* _SOURCE RECORDS_
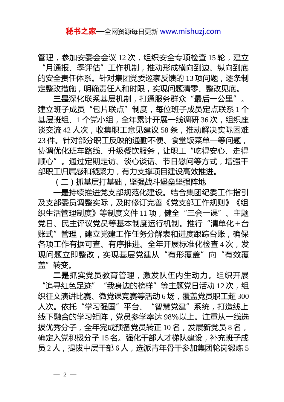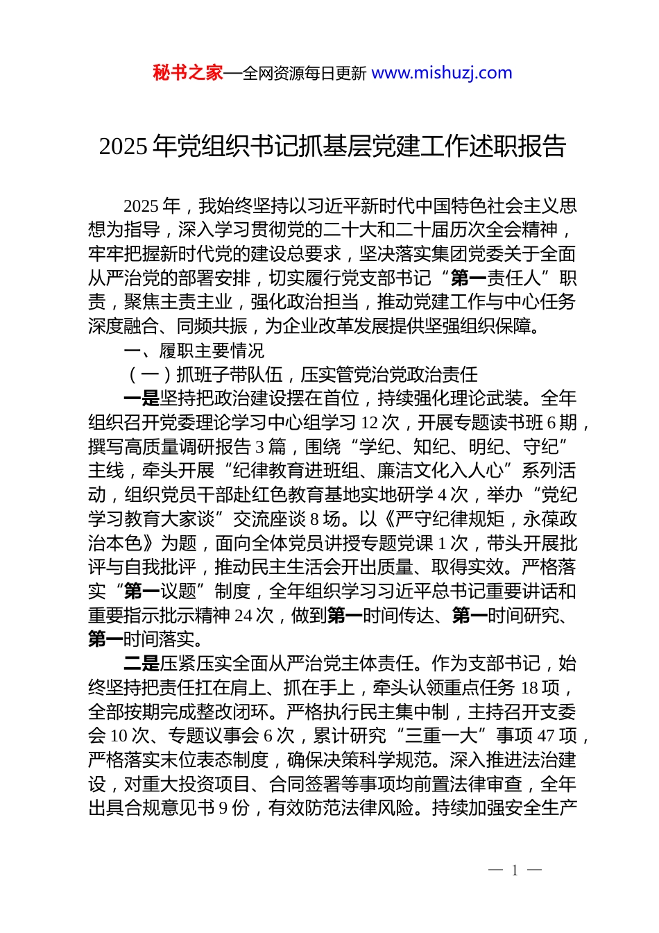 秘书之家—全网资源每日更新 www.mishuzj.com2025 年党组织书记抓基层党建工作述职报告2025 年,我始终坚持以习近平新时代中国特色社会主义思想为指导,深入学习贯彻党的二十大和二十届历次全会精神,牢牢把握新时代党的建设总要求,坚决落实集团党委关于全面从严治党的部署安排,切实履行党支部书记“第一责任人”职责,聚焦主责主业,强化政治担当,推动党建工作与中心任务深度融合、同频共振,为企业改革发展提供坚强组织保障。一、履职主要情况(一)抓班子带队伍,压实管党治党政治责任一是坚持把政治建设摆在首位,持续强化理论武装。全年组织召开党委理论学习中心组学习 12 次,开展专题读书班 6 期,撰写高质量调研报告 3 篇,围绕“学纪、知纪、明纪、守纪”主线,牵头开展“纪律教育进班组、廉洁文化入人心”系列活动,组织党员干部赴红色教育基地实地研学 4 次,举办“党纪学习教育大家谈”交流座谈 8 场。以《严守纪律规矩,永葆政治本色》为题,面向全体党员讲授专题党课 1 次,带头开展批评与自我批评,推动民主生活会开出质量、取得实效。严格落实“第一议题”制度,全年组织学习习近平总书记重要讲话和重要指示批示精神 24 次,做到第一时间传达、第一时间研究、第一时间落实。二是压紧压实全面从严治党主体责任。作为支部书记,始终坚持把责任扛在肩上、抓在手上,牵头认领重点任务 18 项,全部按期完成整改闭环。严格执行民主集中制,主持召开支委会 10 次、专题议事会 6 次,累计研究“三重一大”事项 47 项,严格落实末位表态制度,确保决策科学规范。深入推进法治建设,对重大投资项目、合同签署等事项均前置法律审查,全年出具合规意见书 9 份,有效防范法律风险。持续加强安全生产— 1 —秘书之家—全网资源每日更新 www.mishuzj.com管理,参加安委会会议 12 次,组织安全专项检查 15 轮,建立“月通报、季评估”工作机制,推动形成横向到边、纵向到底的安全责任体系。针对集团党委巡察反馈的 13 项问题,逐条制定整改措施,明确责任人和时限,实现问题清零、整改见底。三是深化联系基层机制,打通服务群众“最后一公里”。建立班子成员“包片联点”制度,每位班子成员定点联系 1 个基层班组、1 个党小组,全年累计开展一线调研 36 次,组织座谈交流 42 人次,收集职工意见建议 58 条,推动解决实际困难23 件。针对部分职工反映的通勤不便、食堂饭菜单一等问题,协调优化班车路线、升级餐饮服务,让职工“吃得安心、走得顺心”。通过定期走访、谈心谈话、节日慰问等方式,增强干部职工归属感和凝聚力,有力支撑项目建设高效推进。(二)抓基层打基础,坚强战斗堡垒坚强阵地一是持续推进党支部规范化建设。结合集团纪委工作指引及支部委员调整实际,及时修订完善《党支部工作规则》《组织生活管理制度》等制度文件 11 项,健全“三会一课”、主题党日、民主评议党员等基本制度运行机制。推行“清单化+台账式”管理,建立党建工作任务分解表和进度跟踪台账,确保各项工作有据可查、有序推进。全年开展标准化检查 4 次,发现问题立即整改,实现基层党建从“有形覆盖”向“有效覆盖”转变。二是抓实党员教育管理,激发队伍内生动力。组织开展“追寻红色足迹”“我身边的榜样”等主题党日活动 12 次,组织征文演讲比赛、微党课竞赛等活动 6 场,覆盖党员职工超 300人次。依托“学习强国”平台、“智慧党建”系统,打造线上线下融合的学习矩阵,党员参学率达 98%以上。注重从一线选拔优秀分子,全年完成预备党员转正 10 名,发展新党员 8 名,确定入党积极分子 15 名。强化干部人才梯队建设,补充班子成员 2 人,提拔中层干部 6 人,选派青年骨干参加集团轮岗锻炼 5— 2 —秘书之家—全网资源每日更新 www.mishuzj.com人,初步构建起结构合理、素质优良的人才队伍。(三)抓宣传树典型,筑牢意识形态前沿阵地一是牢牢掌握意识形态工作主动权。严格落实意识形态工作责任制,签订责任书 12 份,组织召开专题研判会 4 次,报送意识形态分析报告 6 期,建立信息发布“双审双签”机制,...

==

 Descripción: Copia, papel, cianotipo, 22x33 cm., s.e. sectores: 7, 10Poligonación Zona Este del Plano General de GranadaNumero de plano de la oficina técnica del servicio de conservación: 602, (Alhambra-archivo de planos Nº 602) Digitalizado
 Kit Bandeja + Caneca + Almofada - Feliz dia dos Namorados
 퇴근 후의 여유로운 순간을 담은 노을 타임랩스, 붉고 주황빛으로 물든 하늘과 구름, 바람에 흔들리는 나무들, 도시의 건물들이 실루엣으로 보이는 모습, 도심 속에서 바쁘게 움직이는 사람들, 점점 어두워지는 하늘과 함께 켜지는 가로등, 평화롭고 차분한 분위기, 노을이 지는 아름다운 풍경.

---

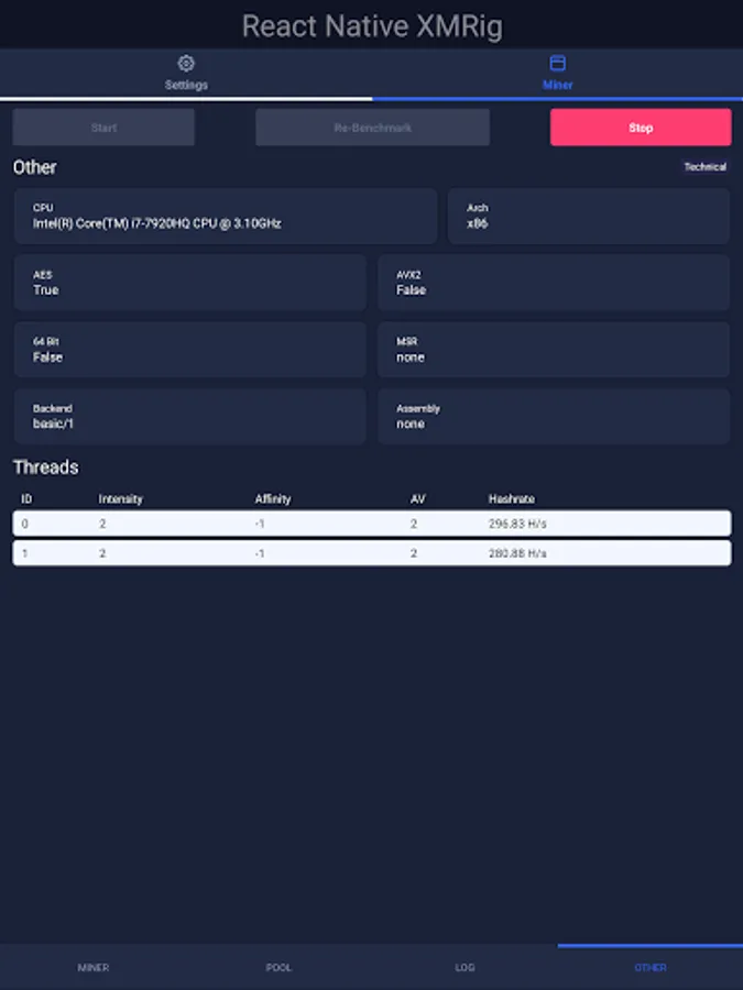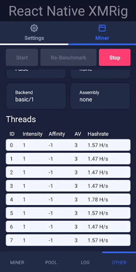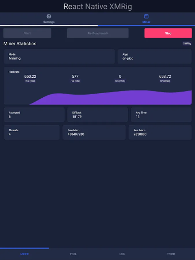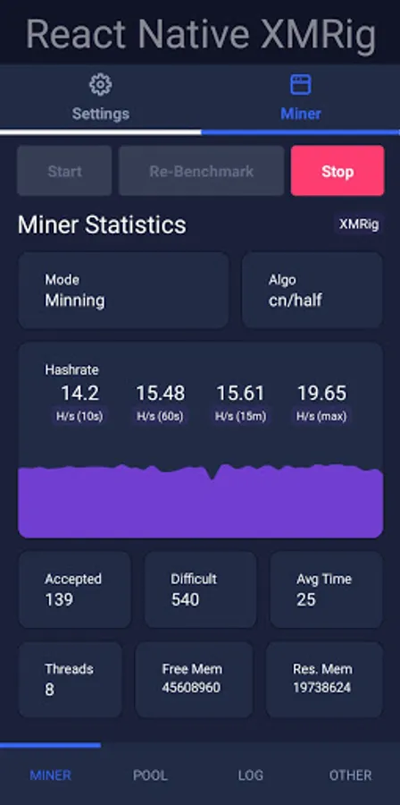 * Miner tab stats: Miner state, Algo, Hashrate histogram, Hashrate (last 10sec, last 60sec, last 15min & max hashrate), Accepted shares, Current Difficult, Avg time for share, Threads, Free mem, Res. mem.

* _WHAT IS BEING ASKED_
Everything above from the line containing "Descripción: Copia, papel, cianotipo, 22x33" down to the line containing "퇴근 후의 여유로운 순간을" is to be transcribed exactly, with both of those lines included and nothing else added.

* _TASK RESULT_
 Descripción: Copia, papel, cianotipo, 22x33 cm., s.e. sectores: 7, 10Poligonación Zona Este del Plano General de GranadaNumero de plano de la oficina técnica del servicio de conservación: 602, (Alhambra-archivo de planos Nº 602) Digitalizado
 Kit Bandeja + Caneca + Almofada - Feliz dia dos Namorados
 퇴근 후의 여유로운 순간을 담은 노을 타임랩스, 붉고 주황빛으로 물든 하늘과 구름, 바람에 흔들리는 나무들, 도시의 건물들이 실루엣으로 보이는 모습, 도심 속에서 바쁘게 움직이는 사람들, 점점 어두워지는 하늘과 함께 켜지는 가로등, 평화롭고 차분한 분위기, 노을이 지는 아름다운 풍경.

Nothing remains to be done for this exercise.